坐骨神経痛のはじまりは、ある日突然だった

ジムでデッドリフトをする中年男性のイラスト。坐骨神経痛のきっかけとなったトレーニングの様子

僕の坐骨神経痛のはじまりは、本当に突然だった。

昨年11月の中旬頃のことだ。今でもはっきり覚えている。ある日、急にお尻の奥に凝りのようなものが生じた。わたしは筋トレをしていて、以前にもデッドリフトをやり込むとお尻が硬くなり、椅子に座ると違和感を覚えることはあった。だから最初は「いつものやつか」くらいに思っていた。

しかし、今回の違和感は今までとは比べものにならないくらい酷かった。お尻の奥をマッサージしないとどうしようもないくらいの凝り方だったのだ。わたしは普段コワーキングオフィスで働いていて、フレックスタイムの環境だった。だからこそ、仕事中でもどうにもならないお尻の奥の不快感が、たまらなく嫌だった。

その日は特に急ぎの仕事もなかったので、仕事中ではあったが、たまらず通い慣れたジムへ向かった。

ジムでほぐしても、消えなかった違和感

ジムにはお尻をほぐすためのテニスボールのようなボールや、ポールストレッチの道具が置いてある。左のお尻にそれを当てて、ぐりぐりとほぐしてみた。

しかし、いくらほぐしてもお尻の奥の違和感は取れない。

最初は「最近ルーマニアンデッドリフトをやり込んでいたから、きっとお尻が硬くなっているんだろう。しばらくすればおさまるはずだ」と、安易に考えていた。その日はそのまま終わった。

翌日、ハムストリングにピーンと張った痛みが走った

そして日が明けた翌日。お尻の奥の違和感は少し和らいでいた。ところが今度は、ハムストリングとハムストリングの外側が、ピーンと張ったような痛みに変わっていた。

それは自分にとって初めての経験だった。最初は何という症状なのか、自分でもまったくわからなかった。坐骨神経痛自体、この時が初めてだったので、「ハムストリングの筋を伸ばしてしまったのかな」くらいにしか思っていなかった。

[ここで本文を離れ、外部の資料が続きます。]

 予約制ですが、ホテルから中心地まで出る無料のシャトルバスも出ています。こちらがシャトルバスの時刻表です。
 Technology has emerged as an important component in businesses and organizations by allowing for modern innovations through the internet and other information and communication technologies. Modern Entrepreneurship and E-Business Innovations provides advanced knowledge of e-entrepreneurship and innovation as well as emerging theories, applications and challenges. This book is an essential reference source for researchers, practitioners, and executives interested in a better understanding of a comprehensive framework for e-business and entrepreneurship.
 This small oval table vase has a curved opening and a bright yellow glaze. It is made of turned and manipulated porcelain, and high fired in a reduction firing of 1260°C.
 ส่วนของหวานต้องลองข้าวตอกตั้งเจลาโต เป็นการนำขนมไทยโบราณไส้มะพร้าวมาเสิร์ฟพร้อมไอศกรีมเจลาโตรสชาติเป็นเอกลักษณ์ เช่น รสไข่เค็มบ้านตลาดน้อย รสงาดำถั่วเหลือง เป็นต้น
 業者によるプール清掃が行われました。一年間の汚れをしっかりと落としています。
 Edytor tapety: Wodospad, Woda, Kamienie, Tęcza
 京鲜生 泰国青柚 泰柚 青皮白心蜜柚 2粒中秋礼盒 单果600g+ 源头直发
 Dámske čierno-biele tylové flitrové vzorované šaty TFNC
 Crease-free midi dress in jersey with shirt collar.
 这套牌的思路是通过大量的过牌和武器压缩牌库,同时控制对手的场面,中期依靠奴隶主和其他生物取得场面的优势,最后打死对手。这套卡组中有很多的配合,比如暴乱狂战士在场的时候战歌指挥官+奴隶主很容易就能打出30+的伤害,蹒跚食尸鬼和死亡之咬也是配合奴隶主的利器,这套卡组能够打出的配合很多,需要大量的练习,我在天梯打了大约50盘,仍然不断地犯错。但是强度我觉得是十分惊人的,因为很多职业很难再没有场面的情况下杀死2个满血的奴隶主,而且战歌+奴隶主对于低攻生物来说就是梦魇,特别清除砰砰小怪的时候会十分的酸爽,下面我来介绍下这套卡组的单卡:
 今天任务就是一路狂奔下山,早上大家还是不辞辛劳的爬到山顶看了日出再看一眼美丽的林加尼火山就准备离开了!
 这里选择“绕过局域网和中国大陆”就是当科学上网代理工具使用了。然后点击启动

左のお尻の奥からハムストリングにかけて坐骨神経痛の違和感が広がる様子を表したイラスト

家に帰ってから、仰向けに寝て両手で左のハムストリングを抱えるようにして伸ばしてみた。しかし、ストレッチをしても張ったような違和感は変わらなかった。

仰向けに寝て両手で左ハムストリングを伸ばすストレッチのイラスト

——これが、これから長く辛い戦いのはじまりだった。

結論から言うと、この時すでにわたしは腰椎ヘルニアL5-S1になっていた。それがわかったのは、2か月後にMRI検査を受けてからのことだ。

坐骨神経痛の原因は、変なストレッチだった?

わたしは筋トレをしていて、特にデッドリフトを頑張っていた。最初は40kgからスタートしたが、1年経つ頃には100kgも上がるようになっていた。

人間、欲が出るもので、重量が上がるようになってくると、さらに高重量を目指してしまう。筋トレをやる人は、みんな同じだと思う。

今思えば、それが仇(あだ)だった。筋トレのYouTubeを見て、「デッドリフトを伸ばすにはルーマニアンデッドリフトがいい」ということを知り、わたしはルーマニアンデッドリフトを頑張るようになった。

ルーマニアンデッドリフトは、通常のデッドリフトと違い、筋肉を伸ばした状態で鍛える種目だ。この「伸ばして鍛える」やり方が、自分の身体には合っていなかったようだ。